Nachdem Microsoft erst vor wenigen Tagen erklärte , Ziel eines Cyberangriffs von der russischen Hackergruppe Midnight Blizzard geworden zu sein, hat der Konzern gestern in einem Blogbeitrag(öffnet im neuen Fenster) weitere Informationen zu dem Vorfall geteilt. Der Angriff hatte zur Folge, dass die Angreifer auf E-Mail-Konten mehrerer Führungskräfte und Mitarbeiter von Microsoft zugreifen und daraus Daten exfiltrieren konnten.

In dem neuen Blogbeitrag bestätigte das Unternehmen ganz offen, dass die Multifaktor-Authentifizierung (MFA) des Test-Tenant-Kontos, über das Midnight Blizzard der Erstzugriff gelang, nicht aktiviert war. Die Kompromittierung gelang den Angaben zufolge durch einen Passwort-Spray-Angriff.

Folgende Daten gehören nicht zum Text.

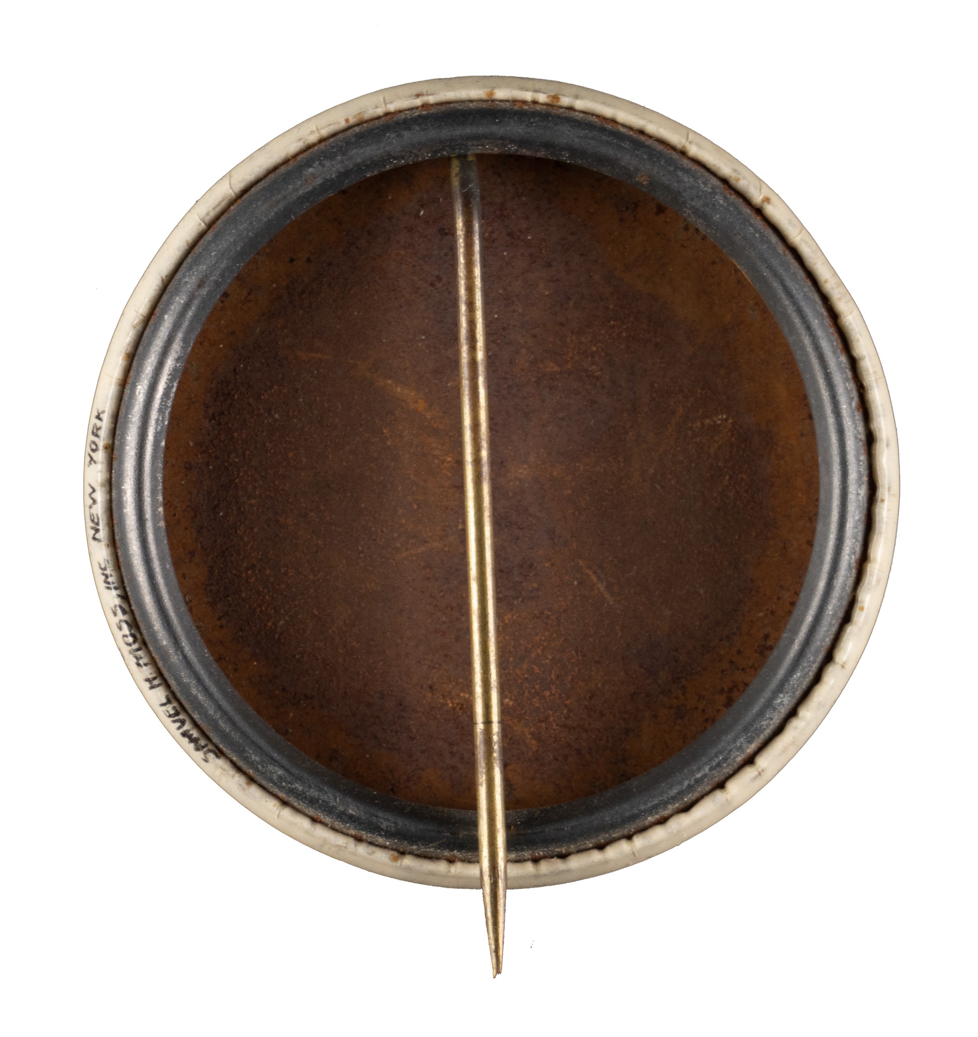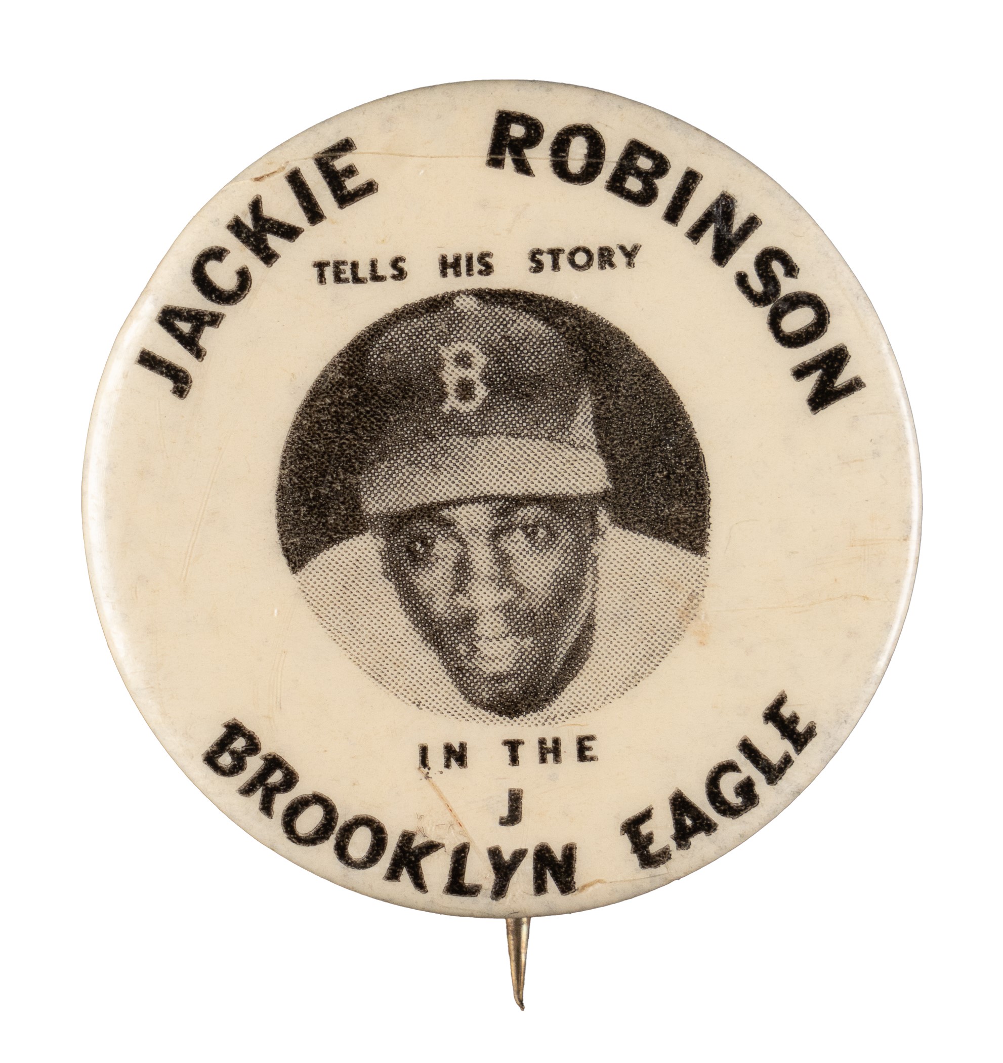 Presented is one of the rarest and most sought-after of all baseball pinbacks: the 1949 Jackie Robinson Brooklyn Eagle advertising pin. This is only the sixth example we have offered the past 20 years! In addition to being a remarkable rarity, it is the most desirable of all Jackie Robinson pins (a very popular area of baseball pinback collecting). It is also very unusual among Jackie Robinson pins as it is an advertising pinback, as opposed to being a souvenir stadium pin. This pin dates to the late 1940s, shortly after Robinson's historic 1947 Major League debut. The Brooklyn Eagle was a very prominent Brooklyn newspaper, and Robinson's story (which naturally was of great interest in Brooklyn) was featured in a series of articles. The pin features a portrait image of Robinson as a member of the Brooklyn Dodgers, with the black lettering along the top and bottom reading, respectively, "Jackie Robinson Tells His Story - In the Brooklyn Eagle." Produced by Samuel H. Moss of New York, as noted on the underside of the curl. The letter "J" appears below Robinson's image, and this letter was related to another promotional aspect of the pin. Pins were distributed with different letters in Robinson's name, and eventually kids could collect a set that would spell out Jackie Robinson. This is an extraordinary pin on many counts and is among the best of all baseball advertising celluloids from any era. This example has some condition issues, with a few surface cracks and a number of minor scratches, but displays beautifully. Diameter: 1.5 inches. Opening Bid $300.

Bei dieser Angriffstechnik versuchten Angreifer, sich "mit einer kleinen Teilmenge der beliebtesten oder wahrscheinlichsten Passwörter" bei mehreren Konten anzumelden, erklärte der Konzern - und gestand damit indirekt ein, das gekaperte Testkonto mit einem unsicheren Passwort geschützt zu haben.

Angriffe erfolgten wohl über einen langen Zeitraum

Weiter erklärte Microsoft, Midnight Blizzard habe die Passwort-Spray-Attacke gezielt auf eine begrenzte Anzahl von Zielkonten sowie eine geringe Menge an Anmeldeversuchen beschränkt, um einer Entdeckung zu entgehen und Kontosperrungen aufgrund zu vieler Fehlversuche zu vermeiden. Zusätzlich hätten die Angreifer eine Proxy-Infrastruktur verwendet, um ihre Aktivitäten zu verschleiern und über einen langen Zeitraum aufrechtzuerhalten, bis sie schließlich Erfolg hatten.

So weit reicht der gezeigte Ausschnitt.